Mortgage payment deductions on income taxes also represent help to property owners--in terms of lower income taxes. Perhaps this can be considered as a subsidy--or maybe an incentive to purchase a home.

Before we can really begin to talk about subsidies, it might pay for those who are angered by Palo Altans views to at least provide us some insight into how much of the GDP he/she thinks government has a right to take from those who are actually working. Right now, when all taxes are considered, the total statutory taxes for working, property-owning, people is about 65% of their income. Is that enough, or too little?

There really is only so much wealth to redistribute. Once the government has taken what you've earned--then it's gone. All gone!


Robert
another community
on Nov 26, 2013 at 1:33 pm
Robert, another community
on Nov 26, 2013 at 1:33 pm

@Wondering, that is an interesting rhetorical question, though personally whatever the rate is, I feel it should be the same for everyone. I am bothered that as a working, property-owning person I am paying more in property taxes than many homeowners who have home values 10x my own, while receiving the same level of city services as them; most people would view this as a subsidy. For myself, and other people in my generation, we did not have the option to purchase a home in the 60's and 70's, when housing prices were more in line with incomes.


Wondering?
Another Palo Alto neighborhood
on Nov 26, 2013 at 2:02 pm
Wondering?, Another Palo Alto neighborhood
on Nov 26, 2013 at 2:02 pm

> whatever the rate is, I feel it should be the same for everyone

The property tax rates in California are the same for everyone. The assessments are not. Since the actual tax is a combination of the rate and the assessment--there are staggering differences between property taxes paid between properties.

And keep in mind that people who don't own property are not contributing the same percentage of their incomes as those who do own properties--while obtaining, more-or-less, the same services.

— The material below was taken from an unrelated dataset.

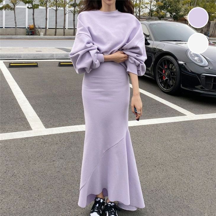 セットアップ スカートセット プルオーバー トレーナー [AMELY by La-gemme]セットアップ スカートセット プルオーバー トレーナー ショート丈 マーメイド ロングスカート 春夏 おすすめ レディース オシャレ トレンド 人気 プチプラ 韓国ファッション【24aw-it214】【予約販売:15-20日】【送料無料】宅込

And these days--about 50% of the peope in the country are no longer paying income taxes. When one takes a long, hard, look at who's paying the bills these days--it's difficult to wax enthusiatically about more publicly-subsidized housing.


Robert
another community
on Nov 26, 2013 at 2:09 pm
Robert, another community
on Nov 26, 2013 at 2:09 pm

I stand corrected, I feel it should be the same rate, and on the same assessed value across the board. Renters would still be contributing to the system as the landlords wouldn't be exempt from property taxes. That being said, I'm quite against any kind of subsidized housing, as well as other interferences with the housing market. Unaffordable housing especially in this area, is due to a severe lack of supply caused by such interferences.


enniac
Green Acres
on Nov 26, 2013 at 5:24 pm
enniac, Green Acres
on Nov 26, 2013 at 5:24 pm

As someone who commuted from cheaper parts of the Bay Area for decades before moving here, and who, after paying mortgage (which was for a long time a usurous interest only), taxes (that are about 20 times my next door neighbors'), insurance, and other home expenses, lives on less discretionary income than families who qualify for even low-income units in Palo Alto, and has no money for luxuries like smart phones and smart phone service, cable TV, car payments, and travel to see family, I am really troubled by the heavy-handed guilt-inducing tactics of those who push "affordable housing" in this area.

I want to see us provide it, I am just tired of being treated like some kind of overprivileged piggybank just because I live here, and I want to be able to ensure affordable housing is done well without being beaten with the NIMBY stick when it isn't.

I am very concerned about the implications of this lawsuit, because it's bad enough that the City uses a little bit of affordable housing to justify ignoring the comprehensive plan, quality of life, safety, congestion, pollution, destroying open space, etc, but it brings up the spectre of developers getting away with all of the negatives and being able to weasel out of paying the mitigations (such as they are) later.